Chronic pain may permanently shrink the brain
The Northwestern University team had previously shown patients with back pain had decreased activity in the same brain region called the thalamus.
This area is known to be important in decision-making and social behaviour.
The team’s current study in the Journal of Neuroscience suggests some of the changes may be irreversible and render pain treatment ineffective.
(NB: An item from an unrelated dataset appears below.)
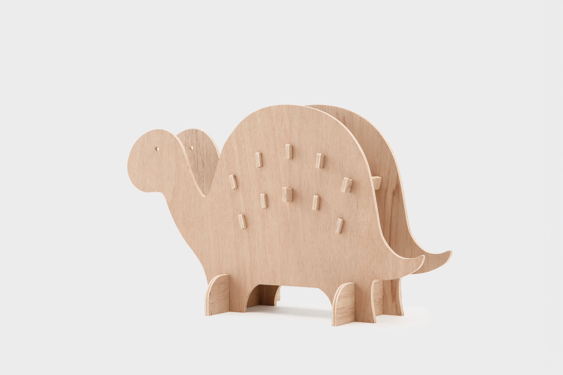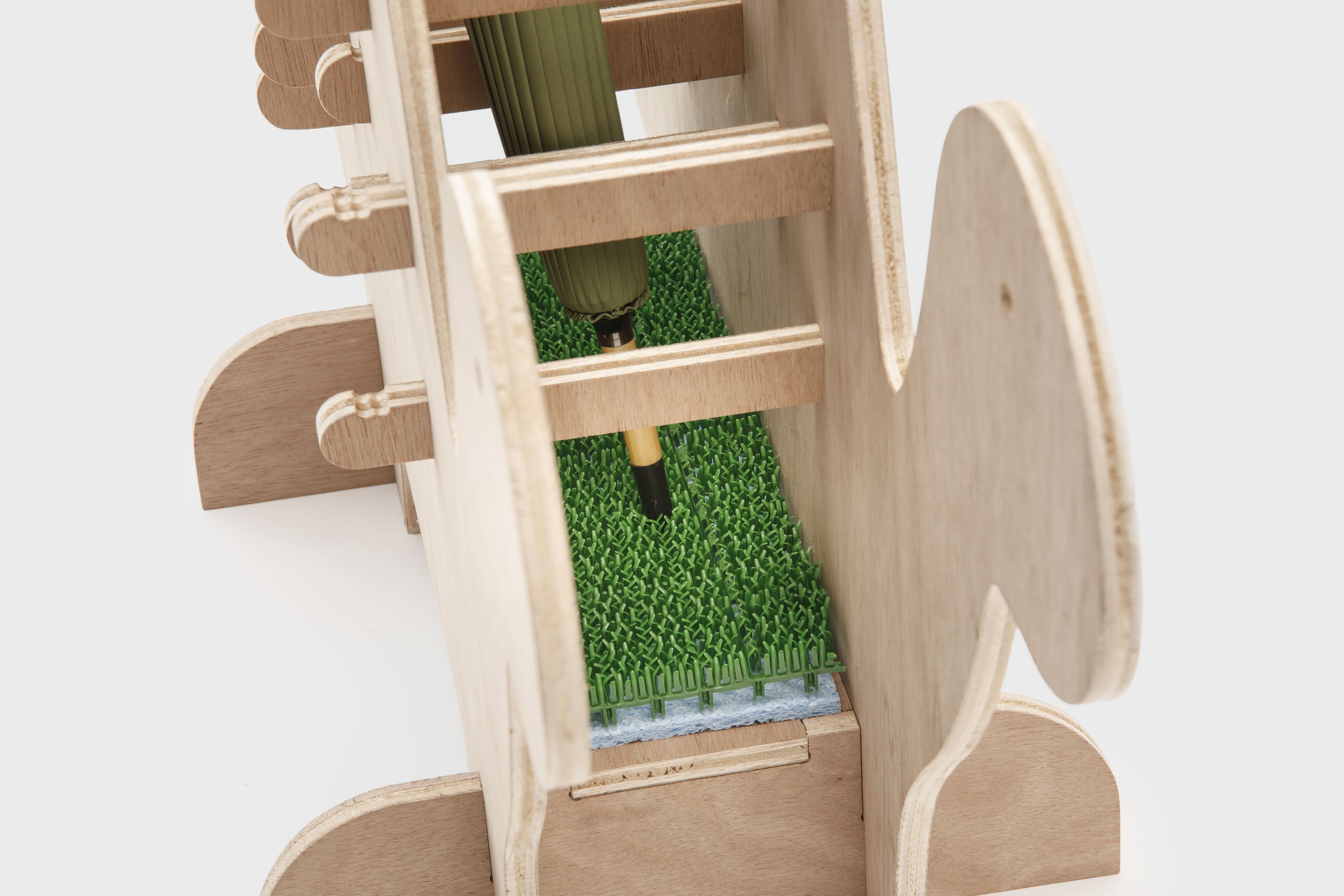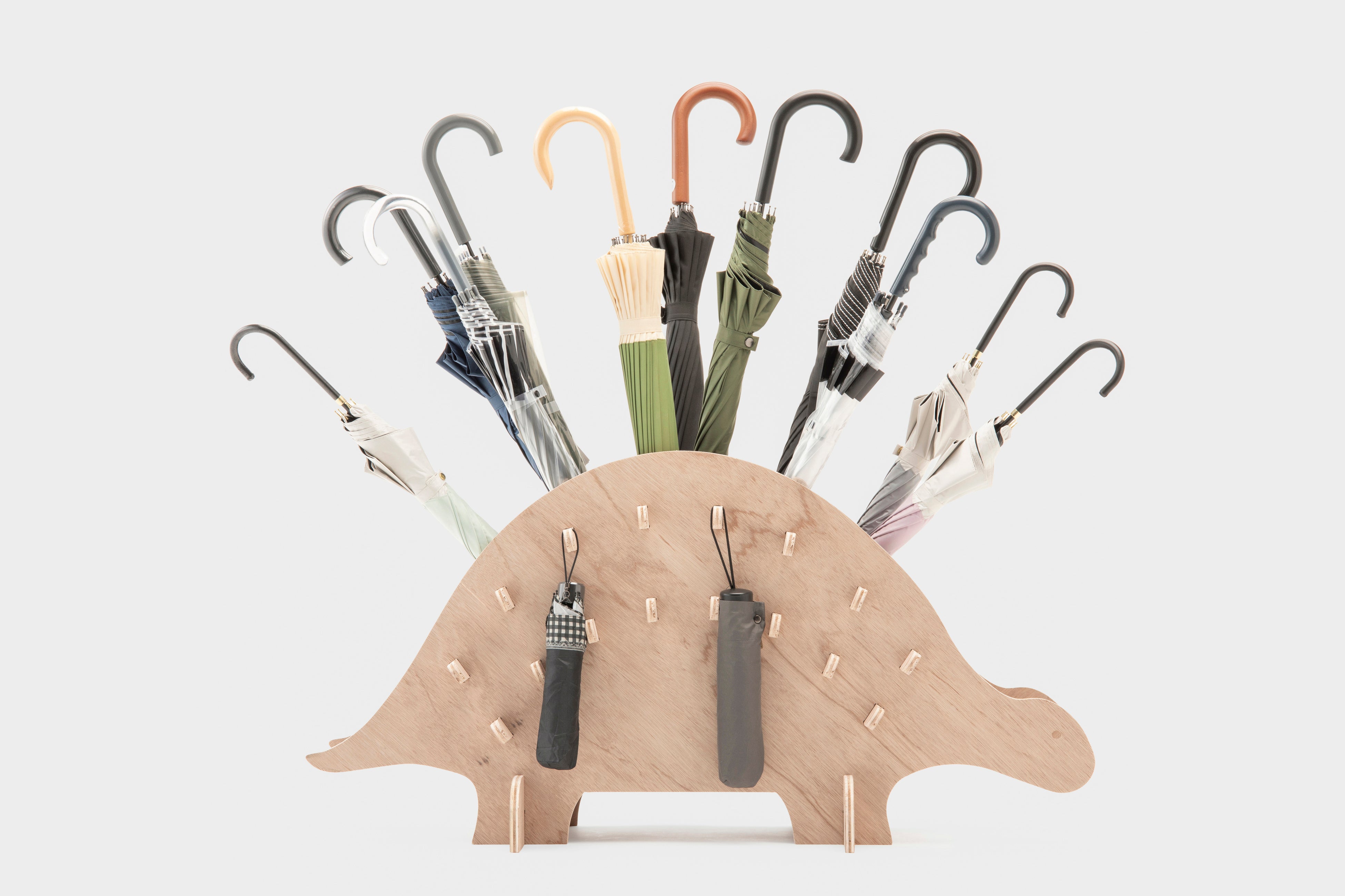 雨の日、ひょっこり現れるのは…カサを背負った恐竜です。入口のすみっこで、今日も静かにあなたの傘をお預かりします。ちょっと憂うつな雨の日も、サウルスたちがいれば少しハッピーになるかもしれません。背中には約30本の傘をしっかり収納します。置く場所の雰囲気に合わせて防水マットや人工芝を敷けば、床も濡れずに安心です。折りたたみ傘も引っ掛けやすい、工夫された差し込み棒が付いています。しかも、組み立ては簡単3ステップ!子どもでも迷わず完成できちゃう、やさしい設計です。

More research is needed, they say.
Shrinkage
If true, it makes it all the more important to treat pain early to prevent any permanent change, say Dr Vania Apkarian and colleagues.
They scanned the brains of 26 patients with chronic back pain and 26 healthy people.
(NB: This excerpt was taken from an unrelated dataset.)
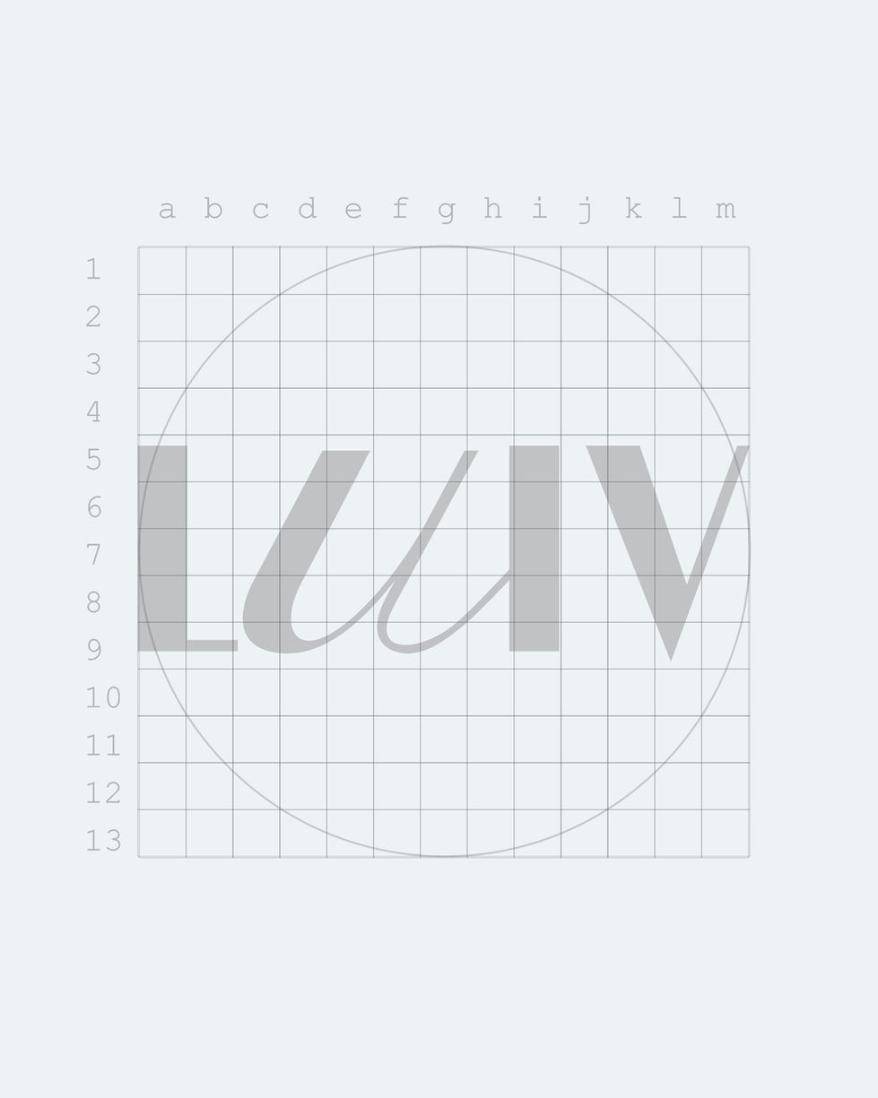 Esse dimensionamento deveria ocorrer sem alterar a composição do projeto inicial, mantendo assim, o fundamento da ideia intacta. A IMX construiu a identidade da LUIV como uma marca única (na forma mais pura da palavra, sem truísmos) e a construiu de forma sofisticada e elegante. Pra isso os designers usaram uma tipografia que se destaca na linguagem de marcas de grife absoluta. A forma como foi desenhado as letras, dando um certo destaque a uma fonte sans-serif finas e a letra 'u' em itálico, tornaram o Logo da LUIV algo totalmente fora da curva nesse contexto de atuação, como dito antes, feito pra hoje e para o futuro.

The patients with chronic pain caused by damage to the nervous system showed shrinks in the brain by as much as 11% – equivalent to the amount of gray matter that is lost in 10-20 years of normal aging.
Dr Nigel Lawes, senior lecturer in biomedical science at St Georges Medical School
The decrease in volume, in the prefrontal cortex and the thalamus of the brain, was related to the duration of pain.Every year of pain appeared to decrease gray matter by 1.3 cubic centimetres.
What the researchers now need to find out is whether this loss is permanent or whether it can be reversed with treatment.
Dr Apkarian said: “It is possible that some of the observed decreased gray matter shown in this study reflects tissue shrinkage without substantial neuronal loss, suggesting that proper treatment would reverse this portion of the decreased brain matter.”
Permanent loss?
But Dr Apkarian said other research in rats had shown that spinal cord neurons die, which suggests the brain changes could be irreversible.
Dr Nigel Lawes, senior lecturer in biomedical science at St Georges Medical School, London, said: “This is a very interesting study.
“Other imaging studies have shown in chronic pain conditions these areas of the brain are less active, so it does correspond with what other people have found.”
He said the brain areas involved, which control decision making such as how to consciously move the body, might be important.
He said people with chronic back pain tended to move in automatic ways that perpetuate the pain.
Therapies to teach people how to pay attention to and control their movement to limit this pain might help, he said.
“Studies could look at whether any of these therapies improve the way they cope with their pain, do you reverse the underactivity in that part of the brain and, after you have reversed it for long enough, will that then change the brain volume?
“It might well be that it is reversible, but that depends on whether they get the right treatment or not.”